Прием медгерменевтики состоял в том, чтобы как можно больше слов превратить в термины, тем самым взяв срок их жизни под контроль. Если, скажем, колобку суждена долгая жизнь, то изобретенный термин "колобковость" будет жить столько времени, сколько пожелают его изобретатели. Члены группы придумывали целые пласты терминов, становясь хозяевами собственного мира. Часто это были аппроприированные слова обыденного языка ("ортодоксальная избушка", "площадки обогрева", "Белая кошка"), а иногда в термины превращались имена собственные (принцип "Конашевич"). При этом теоретический дискурс, с одной стороны, снижался, сближаясь с обычным словоупотреблением, а с другой - беспредельно расширялся: ведь теоретическим могло стать буквально все. Тем самым завершалась и одновременно доводилась до абсурда советская картина мира, строившаяся из фрагментов произвольно скомпонованной ортодоксальной речи.

Теоретизирование медгерменевтики развивалось на фоне энергетического упадка советской идеологии и было своеобразной формой ее приватизации. Потом случилось неожиданное: вакуум социальности так и не был заполнен, напротив, катастрофически расширился, и то, что еще недавно так страстно обсуждалось в узких кругах, стало расти повсеместно, как сорняк. Проблемой стало хоть какое-то ограничение пустотностью стремительно набухающей пустоты. Контуры новой ситуации прихотливы и постоянно меняются; в результате никто не знает, как не быть имманентным ей. Герметичное становится читабельным, трансгрессивное - модным.

Что такое московская концептуальная традиция hie et nunc, в каком отношении стоит она к тому, что претендует быть актуальным, неясно, видимо, не только мне. Особенно эта неясность дает о себе знать в культуре, пока еще не выработавшей механизма музеификации и пытающейся вместо этого поддерживать акции "настоящего момента" на неимоверно высоком уровне. Эта попытка каждодневно проваливается и возобновляется, чтобы провалиться и возобновиться снова.

Медгерменевтика постоянно изобретала термины, стремясь наводнить ими мир, вызвать панику на бирже понятий; за инфляцией и крахом должно было последовать небесное спокойствие, самодостаточность свежевы-печенного и с тех пор постоянно заново выпекаемого космоса. Что отличает индивидуальное творчество Пепперштейна от этой групповой стратегии?
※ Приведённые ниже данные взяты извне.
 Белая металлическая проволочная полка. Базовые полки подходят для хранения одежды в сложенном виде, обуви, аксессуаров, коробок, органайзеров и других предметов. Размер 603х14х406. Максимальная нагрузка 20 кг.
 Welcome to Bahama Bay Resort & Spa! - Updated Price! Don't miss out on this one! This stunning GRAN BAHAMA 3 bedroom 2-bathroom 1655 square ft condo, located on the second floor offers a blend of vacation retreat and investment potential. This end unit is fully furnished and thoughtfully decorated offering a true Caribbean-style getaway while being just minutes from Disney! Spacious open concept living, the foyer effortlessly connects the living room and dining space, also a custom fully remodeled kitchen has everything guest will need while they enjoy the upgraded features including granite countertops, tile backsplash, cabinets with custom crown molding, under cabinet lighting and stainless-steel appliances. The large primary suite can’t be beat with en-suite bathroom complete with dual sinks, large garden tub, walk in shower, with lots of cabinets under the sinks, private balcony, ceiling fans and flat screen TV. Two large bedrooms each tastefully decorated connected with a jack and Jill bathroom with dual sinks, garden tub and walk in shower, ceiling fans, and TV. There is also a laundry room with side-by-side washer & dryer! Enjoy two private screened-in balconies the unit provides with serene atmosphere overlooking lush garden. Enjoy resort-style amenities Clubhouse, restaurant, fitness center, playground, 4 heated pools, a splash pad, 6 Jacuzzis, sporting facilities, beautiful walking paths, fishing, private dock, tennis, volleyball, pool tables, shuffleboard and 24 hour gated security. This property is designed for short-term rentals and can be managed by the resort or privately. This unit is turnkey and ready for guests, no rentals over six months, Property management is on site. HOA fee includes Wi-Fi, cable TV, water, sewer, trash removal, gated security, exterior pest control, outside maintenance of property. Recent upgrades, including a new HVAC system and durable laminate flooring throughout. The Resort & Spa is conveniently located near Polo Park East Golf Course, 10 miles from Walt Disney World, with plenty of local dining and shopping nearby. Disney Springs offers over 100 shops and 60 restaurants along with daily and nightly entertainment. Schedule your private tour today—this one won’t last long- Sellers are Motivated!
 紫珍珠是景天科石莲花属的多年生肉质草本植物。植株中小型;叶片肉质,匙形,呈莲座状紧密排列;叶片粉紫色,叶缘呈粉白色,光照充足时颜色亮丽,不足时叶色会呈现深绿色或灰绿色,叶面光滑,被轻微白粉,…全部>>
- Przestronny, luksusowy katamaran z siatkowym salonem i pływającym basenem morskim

Почему одни тексты он публикует под своим именем, а другие в качестве части треугольника "старших инспекторов"? Ясно, что эти стратегии переплетаются довольно причудливым способом: отчуждая значительные текстуальные массы в пользу группы, каждый из ее участников получает преимущество, избавляясь от бремени имени собственного, обеспечивая столь необходимую богам анонимность, выражающуюся в умножении их имен.
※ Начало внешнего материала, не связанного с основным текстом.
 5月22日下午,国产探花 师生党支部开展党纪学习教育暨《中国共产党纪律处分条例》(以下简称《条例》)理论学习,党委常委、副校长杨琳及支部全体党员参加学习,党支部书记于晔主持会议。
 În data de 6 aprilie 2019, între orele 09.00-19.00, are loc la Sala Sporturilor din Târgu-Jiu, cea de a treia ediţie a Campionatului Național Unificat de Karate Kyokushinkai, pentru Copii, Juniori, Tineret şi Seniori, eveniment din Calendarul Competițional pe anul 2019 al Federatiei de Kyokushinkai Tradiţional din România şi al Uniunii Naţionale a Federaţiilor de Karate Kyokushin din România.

Возвращается ли Паша к имени собственному в "Диете старика", на титульном листе которой остается только его имя-псевдоним? В этих текстах нарушены многие принципы обычного авторства, но для нас не является тайной, что эти нарушения ("инновации") только усиливают авторство как безличный механизм, как инфраструктуру. В последнем смысле его, видимо, не дано избежать никому: ведь для создания имени здесь не нужна даже подпись. Паша черпает свое неавторство из достаточно глубокого источника - его изначальной чуждости самому себе. Эта чуждость породняет его со всем иным. Во всяком случае, такова логика его ответов Илье Кабакову в каталоге их выставки "Игра в теннис". "Кабаков: Ты уже давно выставляешься за границей, в "чужом месте". Что значит говорить "чужим" на "чужом" языке о "чужих" проблемах? Или слово "чужие" здесь некорректно?
– Пеппершшейн: Есть известные слова Кафки, адресованные его другу Максу Броду: "Как я могу иметь нечто общее со своим народом, когда у меня нет ничего общего с самим собой?"
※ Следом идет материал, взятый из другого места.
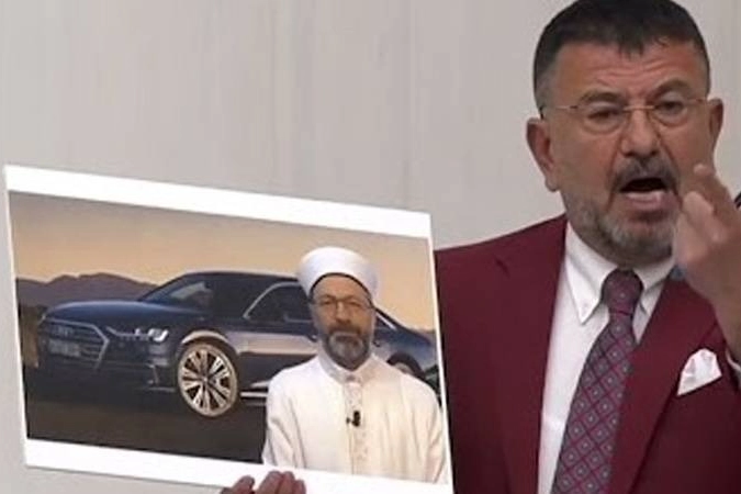 "Bu fotoğrafa siz yabancı değilsiniz AK Parti milletvekilleri olarak. Çünkü israf ve şatafat sizin yaşam biçiminiz olmuş durumda. 16 milyon emeklinin 10 bin lira maaş aldığı bir ülkede, yüz binlerce asgari ücretlinin geçinmekte, beslenmekte zorlandığı bir dönemde Diyanet İşleri Başkanı'nın bindiği araca bakın. Tam da bu arada Mehmet Şimşek, tasarruf genelgesi yayınlıyor. Mehmet Şimşek, kim tasarruf edecek, fakir fukara mı? Hiç uzağa gitme, genelge yayınlayacağına Diyanet İşleri Başkanı'na 'alo' de 6 tane makam aracına binmesin, 1 tane makam aracına binsin. Ayrıca biliyorsunuz, AK Parti, Sayın Erbaş, yerli ve milli. Yahu yerli ve milliysen TOGG'a binsene. TOGG'a niye binmiyorsun? Ayağın mı kirlenir? Ne özelliğin var senin? Bu aracın günlük kirası 25 bin TL. Bir emekli 2 buçuk aylık maaşıyla bu arabaya binebiliyor. Bir asgari ücretli, bir buçuk maaşıyla bu arabaya binebiliyor. Allah bunları ıslah etsin, Allah bunlara vicdan versin."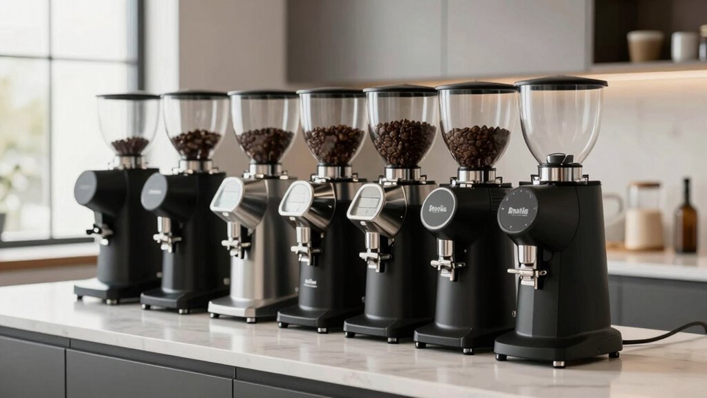 When selecting a low retention espresso grinder for your Breville Barista Express, ease of cleaning becomes a top priority. A grinder designed with minimal leftover grounds speeds up maintenance and keeps your machine running smoothly. Features like detachable, magnetic spouts and removable burrs make cleaning internal parts straightforward, saving time and effort. Anti-static technology is also essential, as it reduces static cling, preventing grounds from sticking to surfaces and simplifying cleanup. Additionally, smooth, burr-free surfaces and accessible components help eliminate grounds buildup during cleaning. Grinders engineered for low residual retention allow for regular maintenance with brushes or compressed air without hassle. Overall, choosing a grinder with these features ensures that cleaning is quick, easy, and effective, helping you maintain peak performance and flavor.

Я бы даже радикализировал это высказывание: мы настолько чужие самим себе, что все остальное становится для нас родным". Заметим, что Кабаков проницательно и аккуратно берет слово "чужой" в кавычки, дистанцируясь от его прямого смысла, лишь зондируя почву, проверяя, что оно значит для Паши как метафора. Чужое в кавычках оказывает для него родным, но уже без кавычек, так велика утверждаемая им степень чуждости (опять-таки, что важно, без кавычек) самому себе, зияние в сердцевине его "я". Именно высшая степень чуждости себе переходит в эйфорию, в отличие от последовательно-депрессивной ориентации текстов Кафки, предполагающей чисто негативное просветление (сошлюсь на знаменитое кафковское высказывание: "Я пишу об ужасном, чтобы

умереть довольным", проанализированное в эссе Мориса Бланшо).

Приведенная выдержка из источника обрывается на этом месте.